Three weeks ago, I started my five-month internship with a nice little company called Emoxis LLP. It’s a small production house numbering no more than five in terms of full-time staff, occupying a third of an apartment around the East Coast area of Singapore. This whole internship thing is really a school subject at Ngee Ann Polytechnic, and is one of the two centrepieces of the third year curriculum across all diplomas at Ngee Ann. It’s either this, or a final-year project. I chose an internship, and that’s how I end up here, working for Emoxis. It’s probably made worse by the fact that this really is the first job I’ve secured, and not under my own power.

It’s not that bad, though. The people at Emoxis are an open bunch, and despite working in one-third of an apartment in an ancient shophouse subjected to blackouts once in a while, the fact that I’m working in a high income area never goes unnoticed. Mind you, I see a Porsche 911 almost every day, so much that the effect of seeing one is actually starting to wear off on me. There are also some pretty good restaurants and coffee shops nearby too. There’s one that sells Korean, another that sells Chinese, and then there are the local shops that sell the all-too-common chicken rice and variants thereof. The best part of all is that it’s only eleven bus-stops from my house, and I have a direct bus to get there – mind you, if my job ended at 6.30 pm, I won’t even take the bus; I’ll walk the 3.5 km from work every day.

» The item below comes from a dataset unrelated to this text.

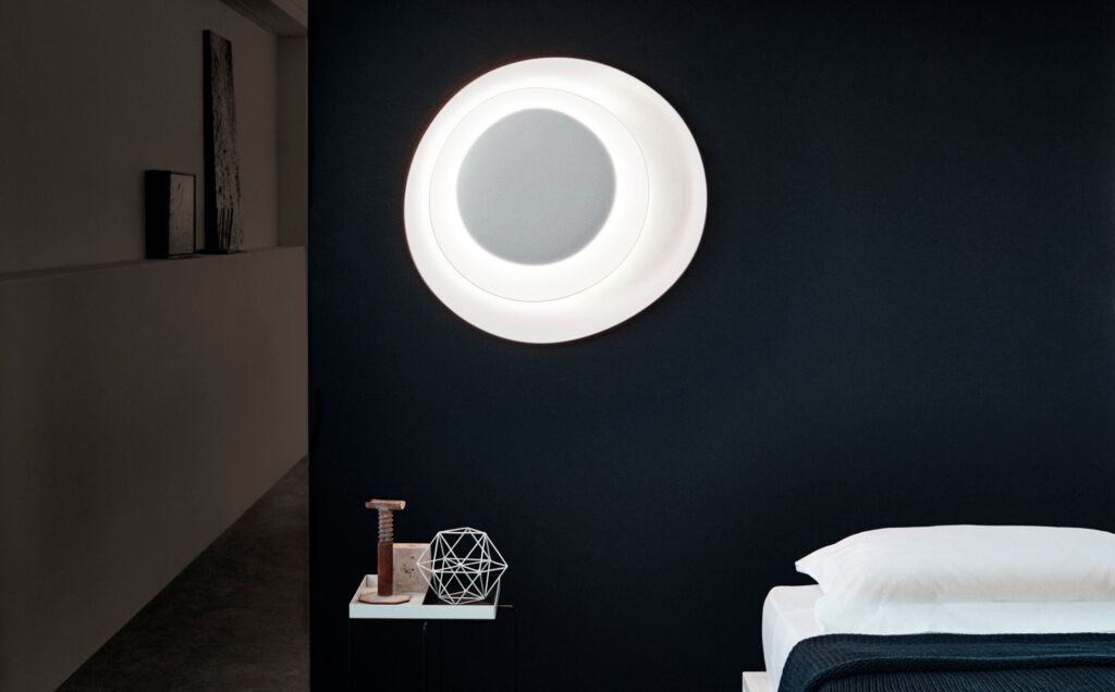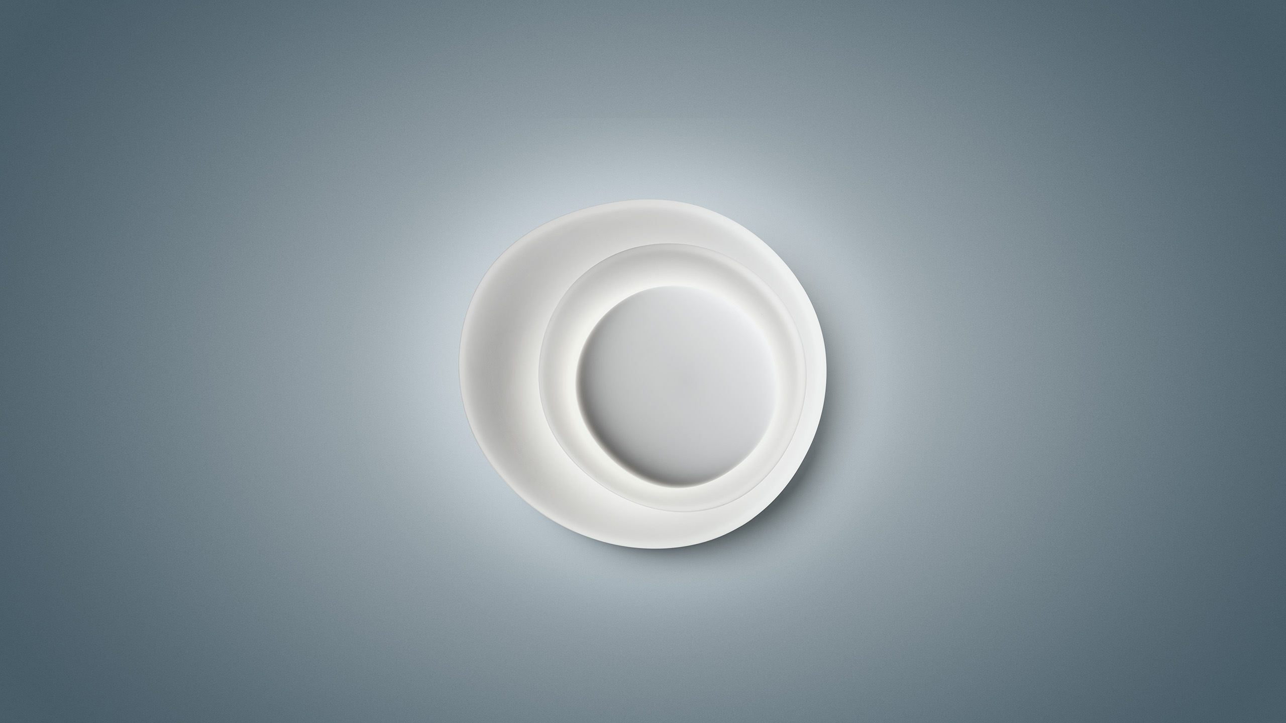 Una soluzione versatile,a luce riflessa e diffusa, che offre flessibilità di installazione sia come lampada da soffitto sia a parete. Il suo design seducente richiama la visione aerea di un arcipelago che irradia le sue sfumature descrivendo aree concentriche. Formata da tre piatti ovaloidi in policarbonato opaco bianco stampati ad iniezione e montati asimmetricamente. Il piatto più grande funge da attacco a parete, i due piatti centrali celano la parte illuminotecnica e l’alimentatore elettronico. Arreda lo spazio con uno spessore ridotto, anche grazie alla possibilità di creare composizioni multiple insieme al modello più piccolo, per disegnare arcipelaghi luminosi a soffitto.

I still have seventeen weeks of my internship to go, but I’ve already learnt so much from Emoxis … and not just in terms of software proficiency either. There’s their whole pipeline for organising files, which was a massive headache on my first day (and it still is), and an extremely specific way of packaging stuff for clients (deviate from this method by a millimetre, and get blasted for it). Then there’s my boss, who’s a bit temperamental, especially if I try asking him for advice too much, or if I work too slowly (which I am, regrettably, because I’m a stickler for accuracy). They also have some pretty cool tools and utilities to do some things, like that Canon Pixma printer that can print CD labels, or Sorenson Squeeze, which they’ve modified so that it converts files into web and DVD formats just by throwing the files into it. Some of their computers even have an Uninterruptible Power Supply (UPS), which is essentially a backup battery in the event of a power failure. The UPSes came in handy today, because there was a blackout in the late afternoon, no more than a millisecond after I saved my work.

The one thing I’ve learned that I think is the most important, however, is not any of these. It’s from the group of people that Emoxis outsources jobs to when they don’t have enough hands to handle every single project under their belt. That’s right, I get to meet real freelancers while at work.

Both my mum and sister have told me several times in the past that being a freelancer in Singapore is extremely difficult, and for good reason. Freelancers do not have many benefits that employees have. Employer-contributed pension funds, for instance, or paid leaves. There is, however, one thing that being a freelancer provides that being an employee can hardly ever provide: personal time.

I value personal time far more than I do a stable salary. Fine, it’s probably because I’m still 19 and a naive moron, but that’s how I feel right now. I know how to scrimp if I really have to, so I don’t need a lot of cash to sustain myself. I take great pride in being self-sufficient in nearly all respects – something that I cannot really be happy about if I’m an employee, since I get a set amount of cash every month due to several lines of text typewritten on a piece of wood signed by my boss and me.

Yes, being a freelancer is difficult; the two freelancers I’ve met at Emoxis said this to me on separate occasions when I asked them. However, this seems like the path I’m going to take, given that the industry I’m going to work in is far too small in Singapore, and because I have neither the desire nor the money to find a job in another country. I mean, I’d like to work in Finland if I’m that capable, but I’m not expecting that to ever happen, so I’m stuck here.

And, like I said before, I’d rather work for myself than work for money. I can stretch a dollar to as far as it can go without breaking. All that’s left is my capability in this industry, and that, really, is up to me to sort out.

I’m hoping that my internship will give me the know-how to be good at what I do. Even if it only gets me half the way there, I’ll learn how to do the rest myself – which, ironically, is something my boss is trying to teach me at this point in time.

On a final note, I acknowledge that I don’t post often here. My reason is simple: there’s nothing worthy to post about. If it’s about complaining, it’s not worth a mention here. This is especially more so since I tend to completely squish other people’s toes when I make a blunt statement. I’ve seen how other people got into trouble with the government and/or the people for being an arse on the Internet; I do not wish to be like them. Complaints are a very personal thing, and that’s what a diary is for. Trust me, there are enough people complaining on the Internet to make your head explode.